Out of the 400 people in the "community survey," 46% had no direct relationship with SPS (not a graduate, no kids in SPS).

It's not surprising that some of the results might have been conspiracy theory, it just switches from "stakeholder" to "public" and needs to be read carefully.

Seattle parent
dan dempsey said…
Mr. Anthony Robinson wrote the following:
"The last School Board (2010 - 2011) was one of the best we’ve had in a recent decades. "

He is either not a close observer or he just does not believe that the extraordinary number of findings by the State Auditor's Office is a big deal.

What criteria does he use for "Best"?

"Best" follower of Ed Reform agenda?
basically said…
I'm developing a little crush on BriRo at the ST, for being so.....factual.

mirmac1 said…
NEWSFLASH! State not fully funding education...zzzzzz.

WA Supreme Court ruling
I have no idea what is going on at Crosscut but clearly I need to find out.

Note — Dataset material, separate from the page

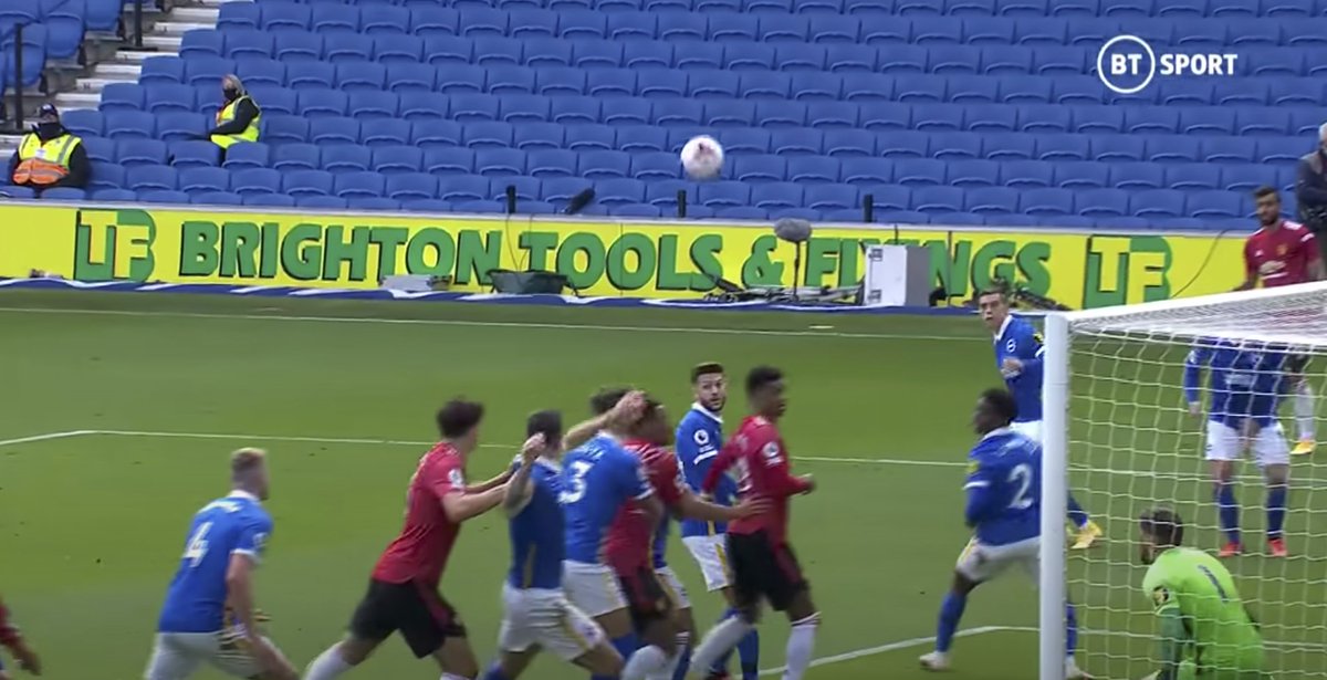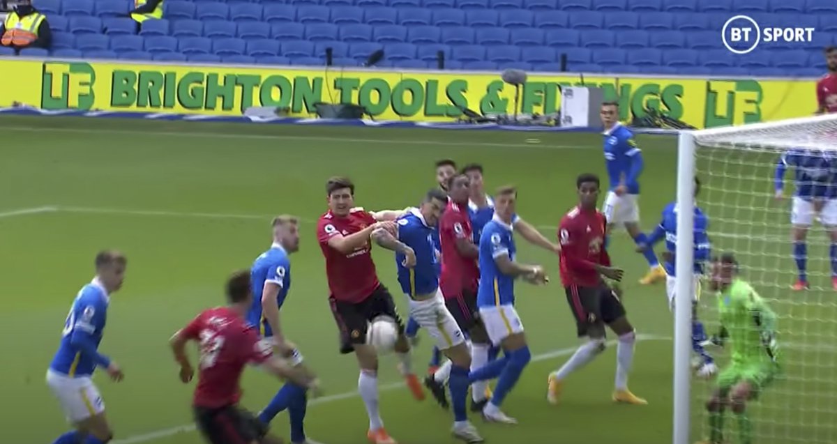 Brighton vs Manchester United (2-3) Maguire was holding onto the Brighton player before scoring. VAR didn't even glance at his foul.

Yes, do blame parents and teachers and communities for MGJ's failures. And Raj's. And Olchefske's.

The first thing I said to MGJ was "Welcome to our district. How can I help?" I never did get any kind of direction or answer from her. And I mean not me personally but what did she ever tell us as parents or community?

Brian is a smart guy and he's running rings around the other media. They are doing sloppy work and they should be ashamed of it. Either that or leave the education reporting to people who know the issue.
mirmac1 said…
Well, he got a finger-wag or two last night during public testimony but on the whole he is a VAST improvement over the last education (reform) marketer, Shaw.
seattle citizen said…
PI columnist Joel Connelly evidently thinks "several" school board candidates are "bats**t crazy":

This week's Stranger Regrets issue features local politicos and others responding to the Stranger's request for THEIR regrets about the Stranger. Mr. Connelly,, says that he regrets that "Stranger news editor Dominic Holden did not use the phrase 'bats**t crazy' while moderating the debate between Seattle School Board candidates, since several qualified."
Anonymous said…
Interesting. Anthony B. Robinson is the husband of Linda Robinson, principal at Whittier Elementary. That he gets the insiders view and still says all of this is even more disturbing.